Hydrogen’s Heyday

Powering your car with water is a fantasy that ranks with turning tin to gold. But the next best thing — H2O without the O — isn’t so farfetched. Last month, California Governor Arnold Schwarzenegger beamed a radiant smile to news cameras while pumping his Hummer’s fuel tank full of hydrogen (H2) at a new Los Angeles International Airport station. “What?!,” you say. “Isn’t that the stuff that blew up the Hindenburg? Is this Terminator IV, Revenge of The Public Servants?”

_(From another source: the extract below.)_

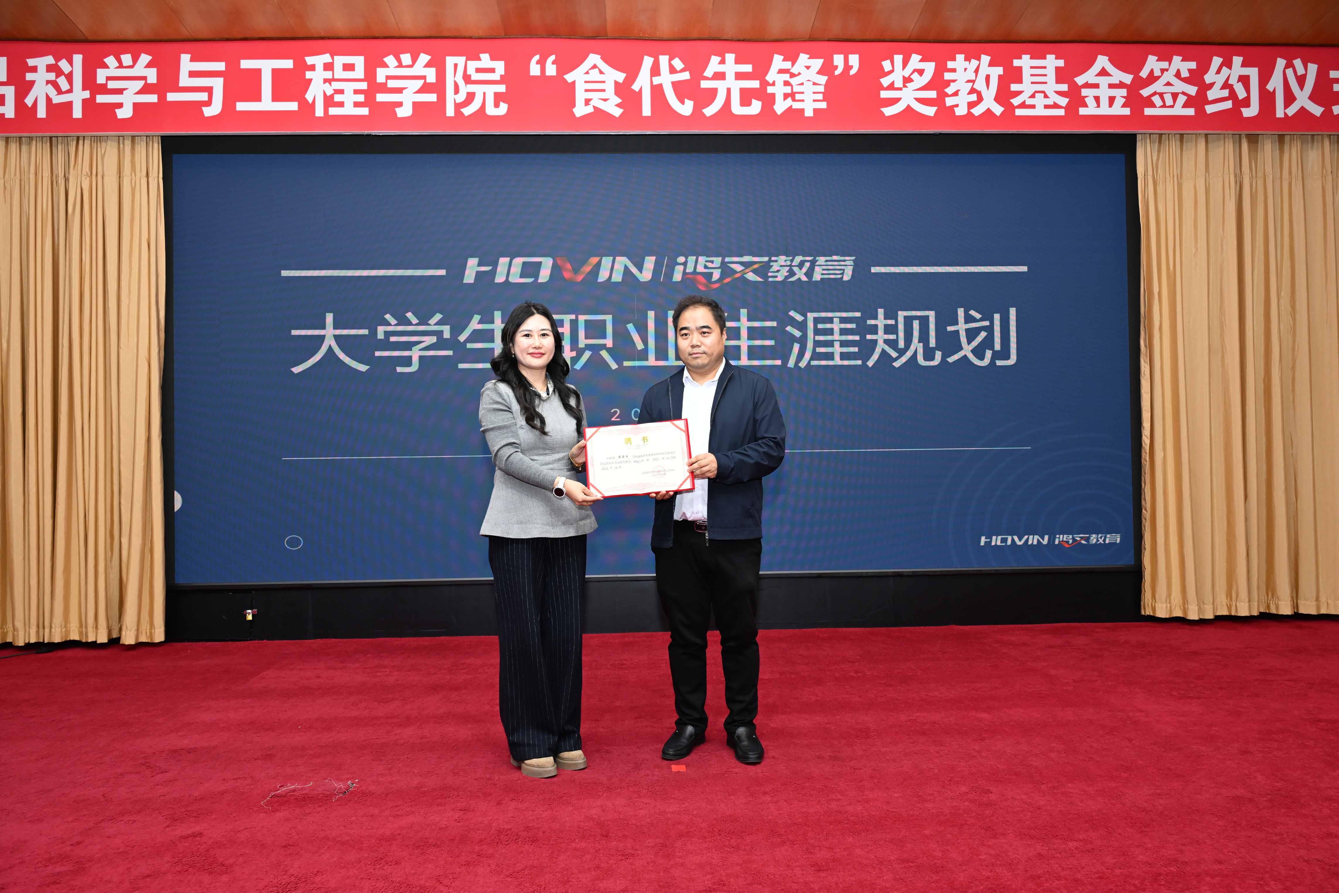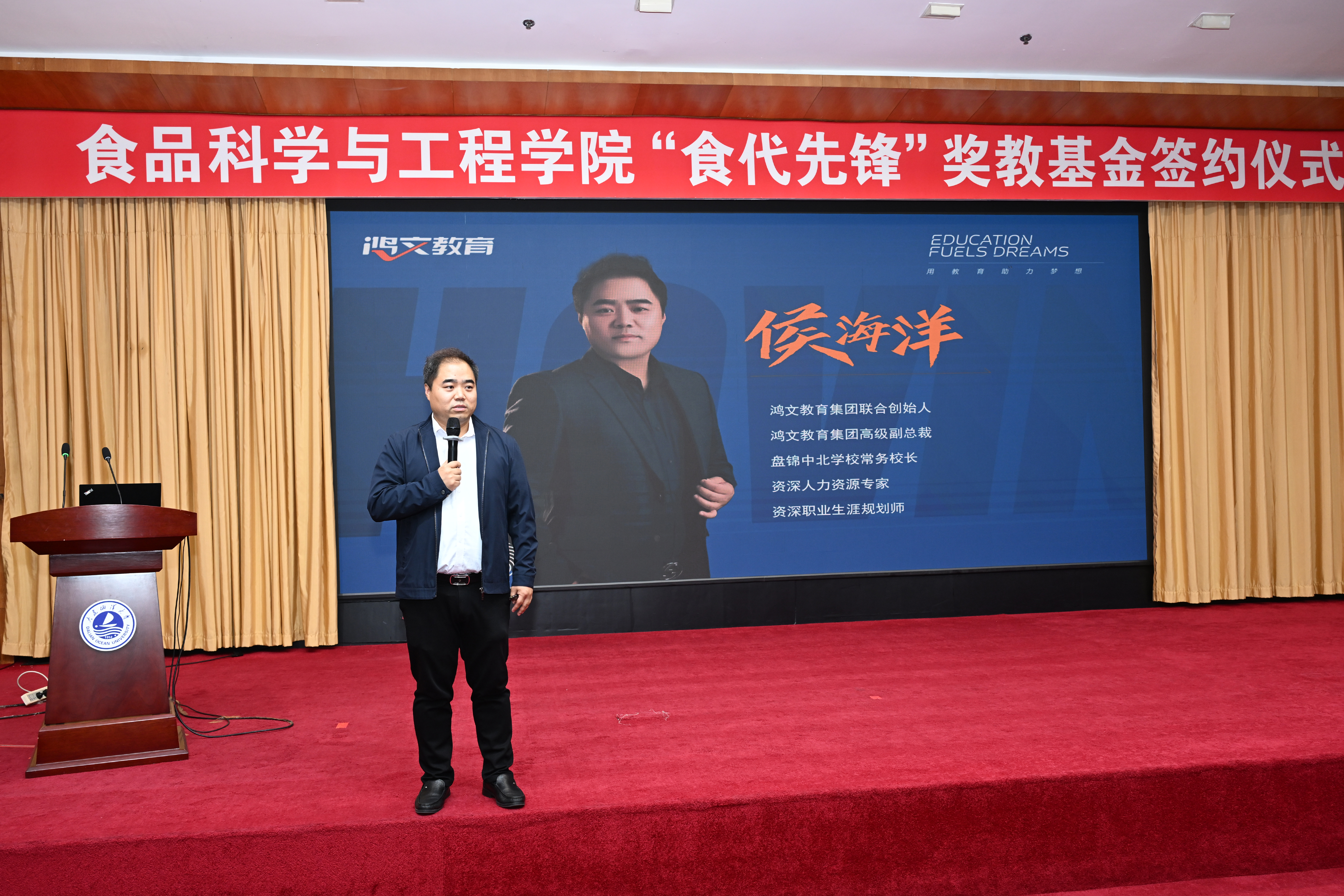 10月28日,我院在图书馆报告厅举办了“食代先锋”讲坛第一期暨大学生职业生涯规划讲座。鸿文世纪教育集团副总裁、盘锦中北学校常务校长、2011届杰出校友侯海洋受邀出席,并作了题为“做好职业规划 享受精彩人生”的专题讲座。学院党委书记张潇月、副书记武家春、辅导员佟婧绮以及2025级全体本科生共同参与了此次讲座。
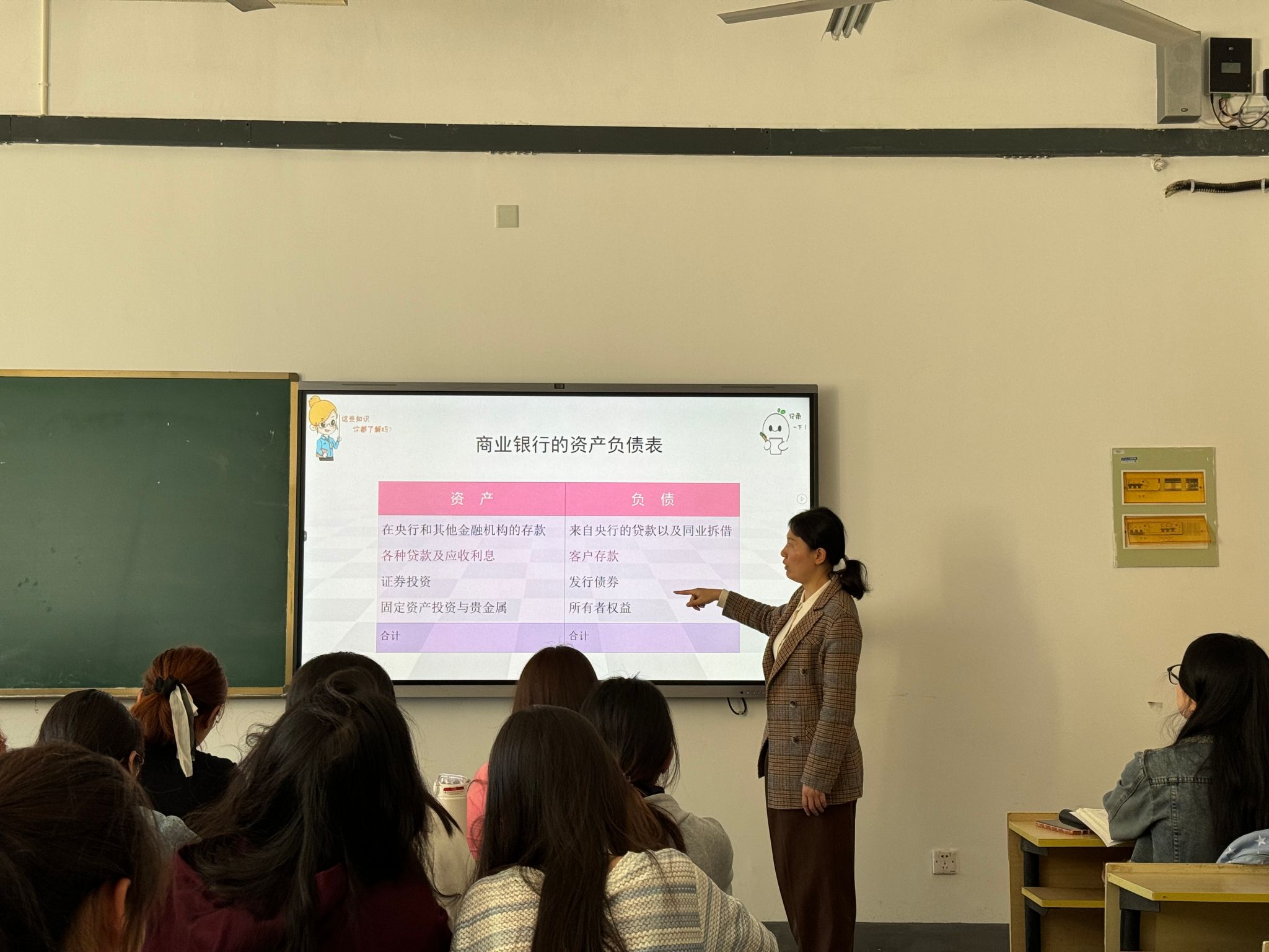 李玲老师授课主要内容是《商业银行与派生存款》。首先,她明确了本次课程教学目标和重难点;其次抛出前导课程问题,并且对上节内容进复盘巩固,同时用金匠投资小故事导入课题引起同学们广泛思考与注意。

BMW’s H2R hydrogen racecar (under construction above) uses a non-boosted 282 hp, 6.0L V-12 to hit speeds over 186 mph. Nine records were set in a new hydrogen-fueled-vehicle class.

Like a Hollywood porn queen cleansed by six weeks in a convent, hydrogen is back. This time safety measures are available to guard against catastrophe. In fact, prognosticators insist that what’s likely to go boom is a global hydrogen economy. In his 2003 State of the Union Address, President Bush kicked off a hydrogen initiative with a price tag over $1-billion. The U.S. government’s Department of Energy hopes H2 will handle ten percent of America’s energy needs by 2030. A growing number of experts believe this colorless, odorless gas is the silverbullet solution to our transportation, air-pollution, and energy-security concerns.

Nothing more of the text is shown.